Bedient Gott Wünsche?

Licht symbolisiert Hoffnung: Wer eine Kerze in der Kirche anzündet, unterstreicht damit seine Fürbitte oder bringt seine Dankbarkeit zum Ausdruck.
Foto: KNA
Wenn Juliane Lück an ihrem Lieblingsferienort ankommt, pflegt sie immer dasselbe Ritual: Sie geht in die Kirche und zündet bei der Madonna eine Kerze an. »Damit will ich mich bedanken, dass ich gut hergekommen bin und wieder einmal Zeit hier verbringen darf«, erklärt sie. Eine regelmäßige Kirchgängerin ist sie zwar nicht, aber diese Momente des Innehaltens und Ankommens bei sich selbst sind ihr kostbar.

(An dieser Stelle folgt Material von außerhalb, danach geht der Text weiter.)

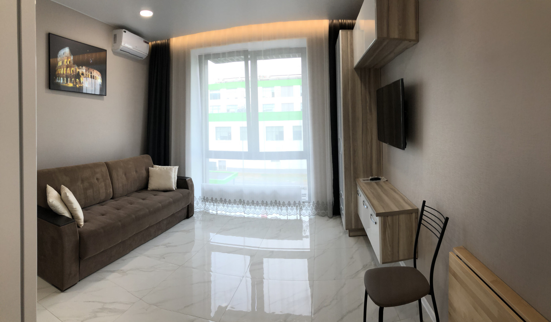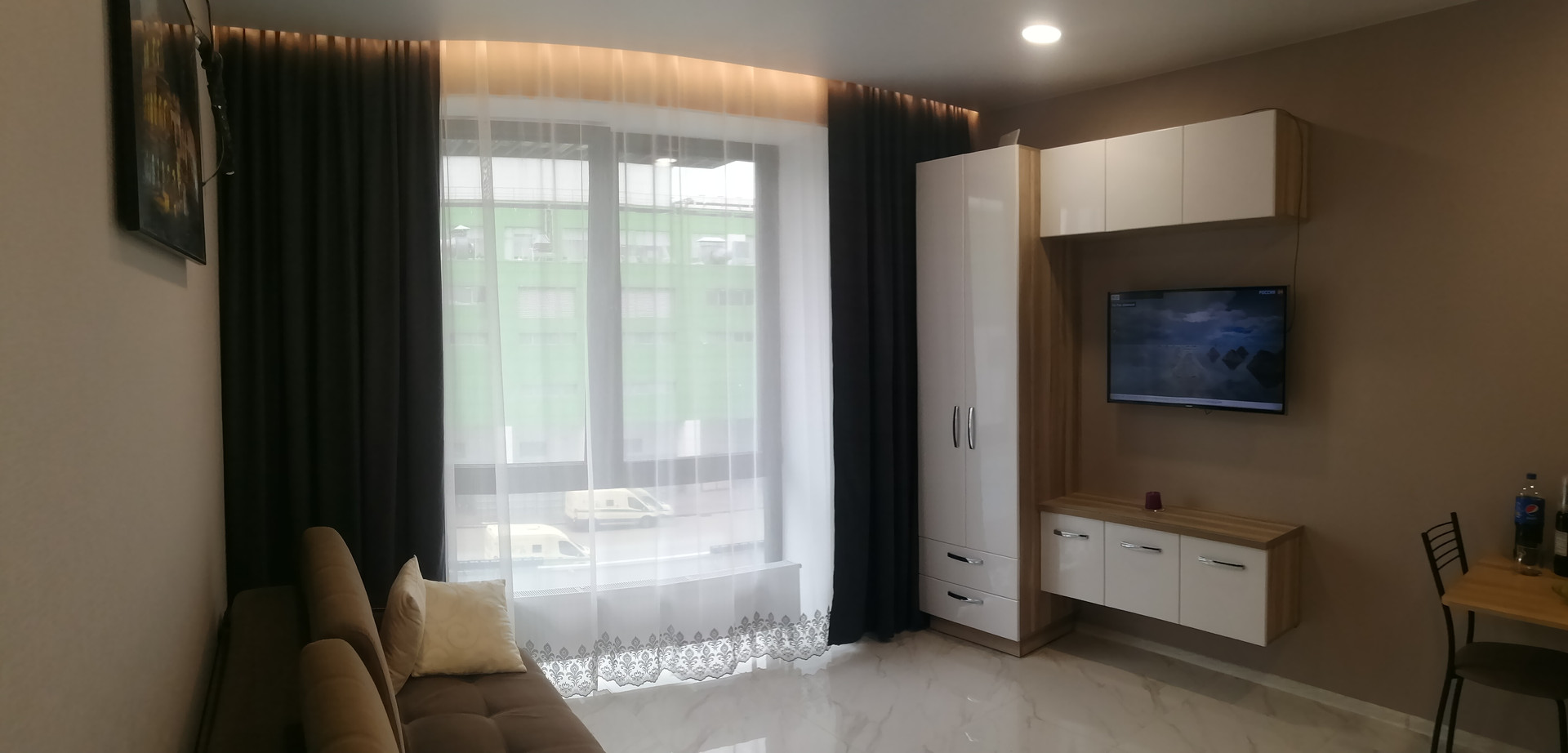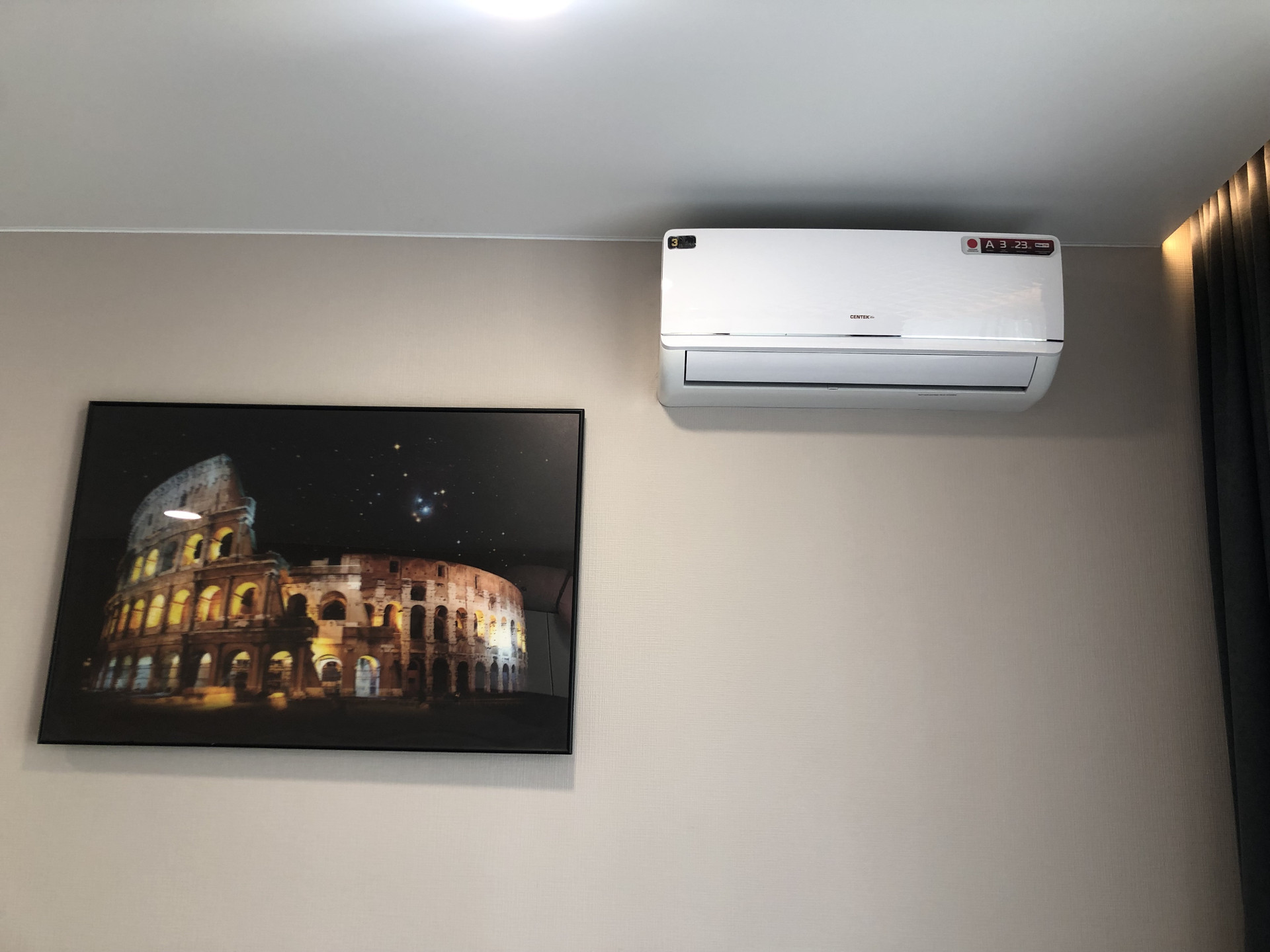 Сделано три сценария освещения – 1. основной, 2. подсветка штор и ночное освещение – светящаяся картина «Колизей».

Viele Vorstellungen und Wünsche sind seit Jahrtausenden mit dem Entzünden von Kerzen verbunden. Sei es aus Dankbarkeit, aus Freude oder im Gedenken an einen lieben Verstorbenen, das Anzünden einer Kerze ist vielen Menschen offensichtlich ein Bedürfnis, das ihnen Halt zu geben scheint. Zu dem ursprünglichen pragmatischen Grund, mit einer Kerze die Dunkelheit zu erhellen, tritt der hohe Symbolgehalt des Lichts, aus dem magische und spirituelle Rituale entstanden sind.

In nahezu allen Religionen und auch bei heidnischen Bräuchen spielen Feuer und Licht eine große Rolle. Sie stehen für die lebensspendenden und reinigenden Kräfte, etwa für die Vertreibung des Winters, für die Abwehr von Dämonen, aber auch für die Auferstehung und die Wegweisung ins ewige Leben sowie für die Anwesenheit Gottes selbst wie beispielsweise im brennenden Dornbusch.

Menschen sind seit jeher von der sanften und zugleich gewaltigen Kraft der Flammen fasziniert. So werden Kerzen zum Trost, zur Steigerung der Behaglichkeit oder zu Dekorationszwecken entzündet. Der Lichtschein signalisiert Wärme und Geborgenheit und ist somit Balsam für die Seele. Bei festlichen Anlässen und Gottesdiensten dürfen Kerzen nicht fehlen, erst recht nicht an bestimmten Gedenktagen oder bei Solidaritätskundgebungen für die Opfer von Katastrophen. [...]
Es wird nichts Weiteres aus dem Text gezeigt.